(Dataset excerpts)
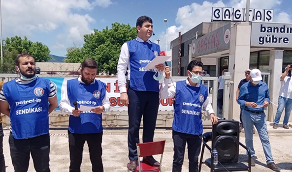Çevre ve Şehircilik Bakanlığı tarafından çevreyi kirlettiği gerekçesiyle üretimine ara verilen Bandırma Gübre Fabrikaları’nın (BAGFAŞ) önünde işçilerden basın açıklaması. Çok sayıda işçi ve ailelerinin atıldığı basın açıklamasında jandarma geniş güvenlik önlemi aldı. Basın açıklaması Petrol İş Sendikası Bandırma Şube Başkanı İlyas Satırlı tarafından okundu. Satırlı “Petrol İş Sendikası Marmara Denizi’nde bir süredir ortaya çıkan deniz salyası sorunu en başta Bandırma halkını üzmektedir. Marmara Denizi, bizlere geçmiş kuşaklardan miras kalan büyük bir doğal zenginliğimizdir. Marmara’nın ölmesine izin veremeyiz. Bu çerçevede, gereken önlemler derhal alınmalı, teknik çalışmalar devreye sokulmalı ve ihtiyaç duyulan yatırımlar için kolaylıklar sağlanmalıdır.” dedi.
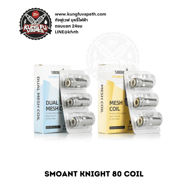 คอยล์ SMOANT KNIGHT 0.3/0.4/0.6 โอห์ม ใช้กับเครื่อง SMOANT KNIGHT 80W ใช้ได้กับน้ำยาซอลและน้ำยาฟรีเบส คอยล์รีดน้ำยาได้สุดมาก เวลาสูบโล่งควันยอะให้กลิ่นชัดและฟิวสูบที่ดีมาก 1 กล่องมีคอยล์ 3 ชิ้น คอยล์ผลิตจากวัสดุกรดอย่างดีปลอดภัยต่อการใช้งาน ทางร้านจำหน่ายคอยล์แท้ 100%
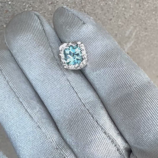 Une texture rocheuse avec une topaze naturelle taille coussin rappelant l’eau glacée
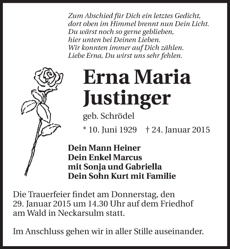 Hier finden Sie alle Traueranzeigen aus der Zeitung, die bisher für Erna Maria Justinger erschienen sind. Weitere Traueranzeigen, die in der Zeitung erscheinen, werden hier ebenfalls aufgelistet
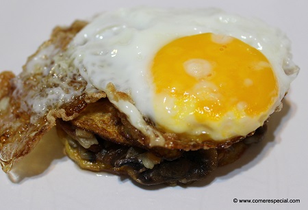 ELABORACIÓN: poner aceite en una sartén para freÃr las patatas (papas) o calentar la freidora para introducirlas. En otra sartén, rociar un poco de aceite de oliva virgen y hacer los champiñones con un poco de sal. Cuando los champiñones y las patatas estén cocinadas, freÃr los huevos. En casa nos gustan con poco aceite en la sartén, para que estén lo menos grasientos posible. Luego, solo queda montar el plato poniendo una base de patatas, otra de champiñones, otra de patatas y el huevo encima, por ejemplo. Esto ya es a gusto del consumidor. CONSEJOS: * Si quieren que la receta tenga menos calorÃas, guisar las patatas y cortarlas después en rodajas o asarlas al horno.* Los champiñones, si no les agradan, se pueden cambiar por otra verdura al gusto, por ejemplo, calabacÃn en rodajas a la plancha.* En vez de hacer las patatas en rodajas, optar por un nido de patatas paja.* Evitar que la cáscara del huevo toque la sartén para evitar problemas de salud. Hay que recordar que la cáscara...
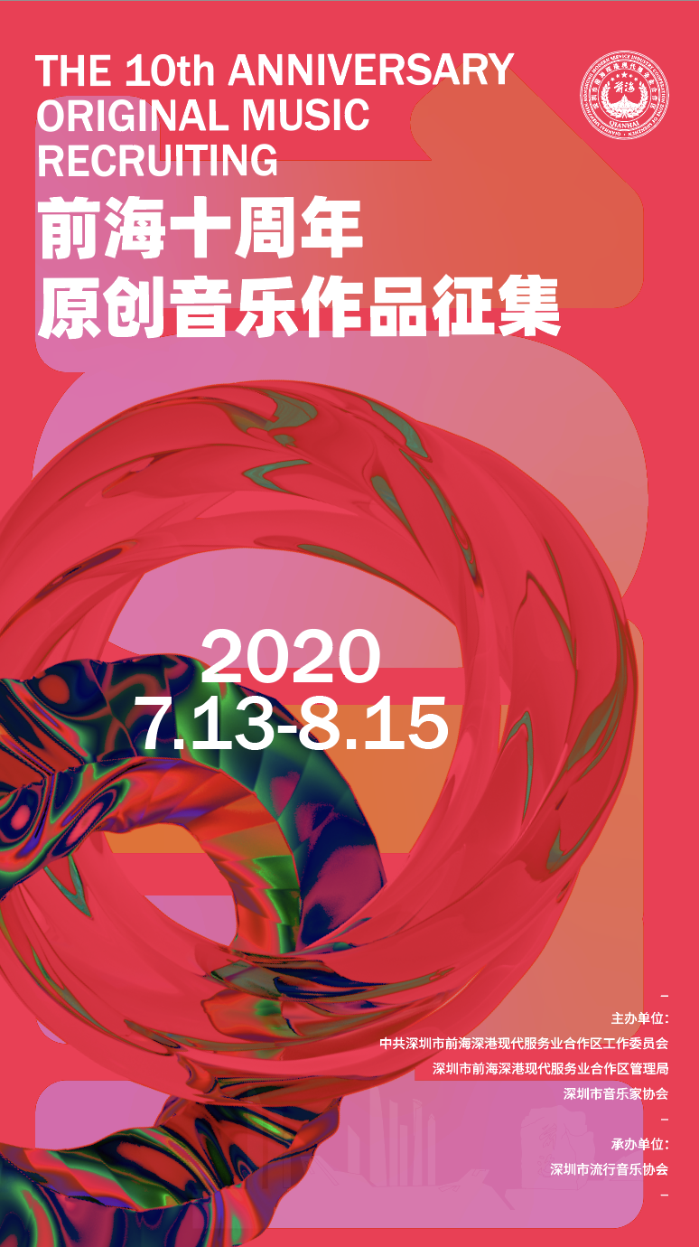 “湾区风来新时代,改革开放再出发”,2020年是深圳经济特区建立40周年,也是前海合作区成立10周年。为了进一步诠释和表现前海这片创业的热土,激励广大音乐爱好者创作一批歌颂前海十年来取得的丰硕成果,富有时代特征和号召力、积极向上的优秀原创歌曲,现开展“前海十周年原创音乐作品”征集活动,有关内容通知如下:
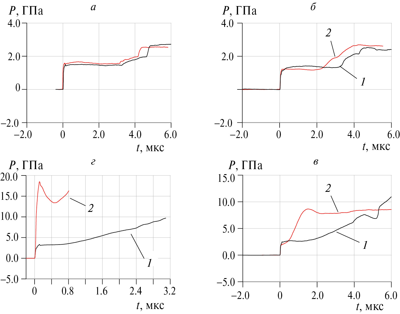 Как следует из рис. 2, профили зависимостей давления от времени, зарегистрированные входными датчиками, представляют собой часть начальной ступеньки с последующим плавным нарастанием давления. Длительность ступеньки уменьшается с ростом давления во фронте нагружающей УВ. Выходными датчиками при рИУВ < 3.2 ГПа (рис. 2б, в) зарегистрированы импульсы давления с двухволновой структурой. Длительность фронта второй волны при рИУВ = 2.6 ГПа составляет ~1 мкс, волна движется в направлении ударного фронта нагружающей УВ со скоростью, большей скорости фронта. При рИУВ = 3.2 ГПа (рис. 2г) наблюдается догон второй волной ударного фронта и формирование волны с фронтом малой длительности (~0.1 мкс).
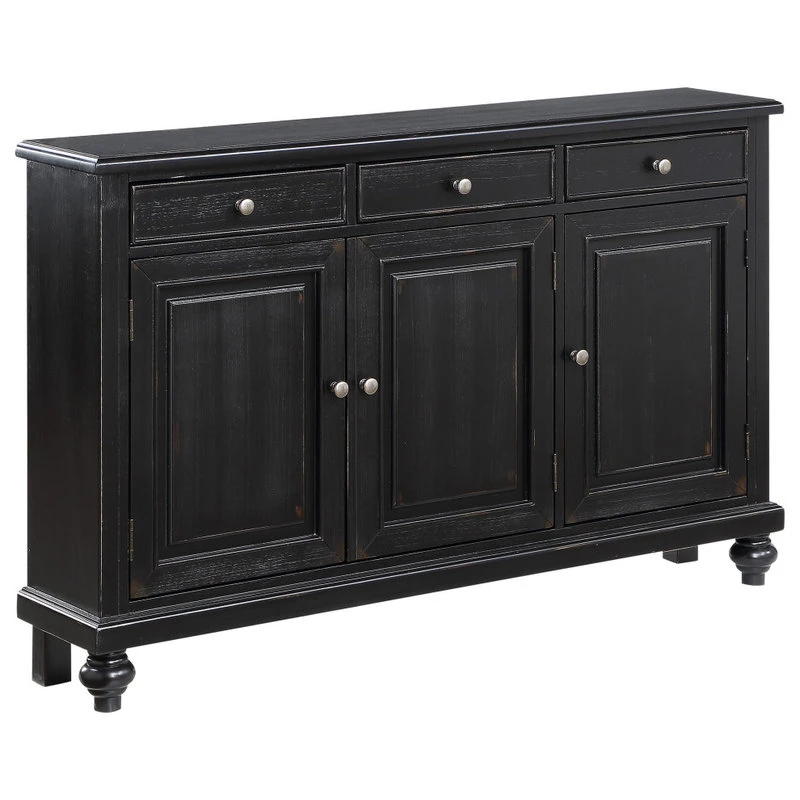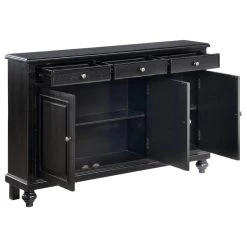 In your foyer, dining room or den, this roomy Credenza will be a welcome addition. Coated in our Raven Black Rub with turned ball feet, three panel doors that open to reveal a shelved interior, plus three upper drawers ready to hold everything form your guest napkins and candles to pens and papers, this handsome Credenza not only has the look you desire, but also the functional storage options you crave!

Instructions to follow:
Each line in the records above should be reproduced exactly; images are not copied.

Expected answer:
Çevre ve Şehircilik Bakanlığı tarafından çevreyi kirlettiği gerekçesiyle üretimine ara verilen Bandırma Gübre Fabrikaları’nın (BAGFAŞ) önünde işçilerden basın açıklaması. Çok sayıda işçi ve ailelerinin atıldığı basın açıklamasında jandarma geniş güvenlik önlemi aldı. Basın açıklaması Petrol İş Sendikası Bandırma Şube Başkanı İlyas Satırlı tarafından okundu. Satırlı “Petrol İş Sendikası Marmara Denizi’nde bir süredir ortaya çıkan deniz salyası sorunu en başta Bandırma halkını üzmektedir. Marmara Denizi, bizlere geçmiş kuşaklardan miras kalan büyük bir doğal zenginliğimizdir. Marmara’nın ölmesine izin veremeyiz. Bu çerçevede, gereken önlemler derhal alınmalı, teknik çalışmalar devreye sokulmalı ve ihtiyaç duyulan yatırımlar için kolaylıklar sağlanmalıdır.” dedi.
 คอยล์ SMOANT KNIGHT 0.3/0.4/0.6 โอห์ม ใช้กับเครื่อง SMOANT KNIGHT 80W ใช้ได้กับน้ำยาซอลและน้ำยาฟรีเบส คอยล์รีดน้ำยาได้สุดมาก เวลาสูบโล่งควันยอะให้กลิ่นชัดและฟิวสูบที่ดีมาก 1 กล่องมีคอยล์ 3 ชิ้น คอยล์ผลิตจากวัสดุกรดอย่างดีปลอดภัยต่อการใช้งาน ทางร้านจำหน่ายคอยล์แท้ 100%
 Une texture rocheuse avec une topaze naturelle taille coussin rappelant l’eau glacée
 Hier finden Sie alle Traueranzeigen aus der Zeitung, die bisher für Erna Maria Justinger erschienen sind. Weitere Traueranzeigen, die in der Zeitung erscheinen, werden hier ebenfalls aufgelistet
 ELABORACIÓN: poner aceite en una sartén para freÃr las patatas (papas) o calentar la freidora para introducirlas. En otra sartén, rociar un poco de aceite de oliva virgen y hacer los champiñones con un poco de sal. Cuando los champiñones y las patatas estén cocinadas, freÃr los huevos. En casa nos gustan con poco aceite en la sartén, para que estén lo menos grasientos posible. Luego, solo queda montar el plato poniendo una base de patatas, otra de champiñones, otra de patatas y el huevo encima, por ejemplo. Esto ya es a gusto del consumidor. CONSEJOS: * Si quieren que la receta tenga menos calorÃas, guisar las patatas y cortarlas después en rodajas o asarlas al horno.* Los champiñones, si no les agradan, se pueden cambiar por otra verdura al gusto, por ejemplo, calabacÃn en rodajas a la plancha.* En vez de hacer las patatas en rodajas, optar por un nido de patatas paja.* Evitar que la cáscara del huevo toque la sartén para evitar problemas de salud. Hay que recordar que la cáscara...
 “湾区风来新时代,改革开放再出发”,2020年是深圳经济特区建立40周年,也是前海合作区成立10周年。为了进一步诠释和表现前海这片创业的热土,激励广大音乐爱好者创作一批歌颂前海十年来取得的丰硕成果,富有时代特征和号召力、积极向上的优秀原创歌曲,现开展“前海十周年原创音乐作品”征集活动,有关内容通知如下:
 Как следует из рис. 2, профили зависимостей давления от времени, зарегистрированные входными датчиками, представляют собой часть начальной ступеньки с последующим плавным нарастанием давления. Длительность ступеньки уменьшается с ростом давления во фронте нагружающей УВ. Выходными датчиками при рИУВ < 3.2 ГПа (рис. 2б, в) зарегистрированы импульсы давления с двухволновой структурой. Длительность фронта второй волны при рИУВ = 2.6 ГПа составляет ~1 мкс, волна движется в направлении ударного фронта нагружающей УВ со скоростью, большей скорости фронта. При рИУВ = 3.2 ГПа (рис. 2г) наблюдается догон второй волной ударного фронта и формирование волны с фронтом малой длительности (~0.1 мкс).
 In your foyer, dining room or den, this roomy Credenza will be a welcome addition. Coated in our Raven Black Rub with turned ball feet, three panel doors that open to reveal a shelved interior, plus three upper drawers ready to hold everything form your guest napkins and candles to pens and papers, this handsome Credenza not only has the look you desire, but also the functional storage options you crave!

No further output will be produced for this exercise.